Perhaps where you are at. I worked at a small community college until a couple of years ago and still take classes there in the evening. I also work at several elementary schools, two charter schools, two home school/school hybrids (edit: I forgot about one). At the college, in one semester, I found about two dozen kids in three departments (multimedia, culinary and computer science) that played D&D, Warhammer, Dark Heresy, and Vampire. There was little overlap between individuals and groups. They were playing with friends from work or whom attended other schools. None of them learned from parents.
At one of the hybrid home school/elementary school (I forget the term they use), there is a weekly game club where they play D&D one afternoon and another rpg another day. Several of the elementary students with whom I work with at regular schools also play. At some of the schools, the afterschool D&D club is run by one of the competitors for the company with whom I contract.
I also know of schools on the east coast that also have gaming clubs at elementary schools and junior high schools (those are run by some game designers and others working in the gaming industry often at their children's schools).
Here in Australia when I posted for players for 3rd Edition games I'd get flooded with responses. Now? Maybe one response every 3 months.
But that's all anecdotal besides the point. I find it a great stretch of the imagination to think that TTRPG's are growing at the same rate as MMOs/CRPGs.
If D&D is growing at lets say n YoY, and the RPG industry as a whole is growing at n YoY, the total percentage of RPG customers playing D&D is shrinking, because it's a much smaller number to start with. If you're looking at preventing your business from becoming more and more niche, you're going to want to tap into that larger market.
D&D is not competing just in the TTRPG market, it's competing in the entire RPG market, because its players require time to play it. Time they could spend playing other RPG products.
Before Everquest there was Baldurs Gate and such (and going back further, games like Might and Magic), but those games didn't compete for time with D&D, they complimented it.

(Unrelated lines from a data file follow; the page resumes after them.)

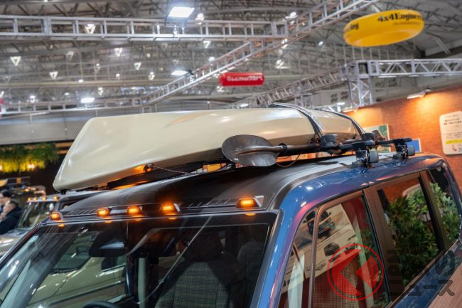 また、ルーフ前端には主にアメリカの大型ピックアップトラックでお馴染みの灯火装備「デューリーマーカー」を装着、イグニッションオンで連動して点灯することで、よりアメ車チックな雰囲気の演出に一役買っています。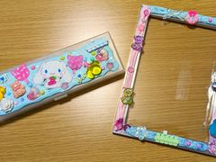 この日作った(デコった)ペンケースとフォトフレーム。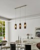 Schlichte, aber moderne Kronleuchter, geeignet für Wohnzimmer oder Küche, über dem Esstisch als interessantes Element. Sie bestehen aus Stahl und einem Glaszylinder.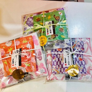 白雪ふきんと粋町ショコラのギフト。色々な柄が可愛い白雪ふきんは、何枚あっても便利!美味しいチョコレートとのセットで喜ばれること間違いなしです^ ^

Now, D&D needs to actually compete for time with these MMO's and other CRPGs which spew out DLCs to keep player engagement.
There are much more young kids playing MMOs than there are playing D&D, and if WoTC doesn't focus their efforts in that market, they don't have much of a hope really in the future. Sure, the percentage of D&D players will slowly grow (until perhaps we all start to die out), but so will the overall population, and it'll end up more niche than it is today.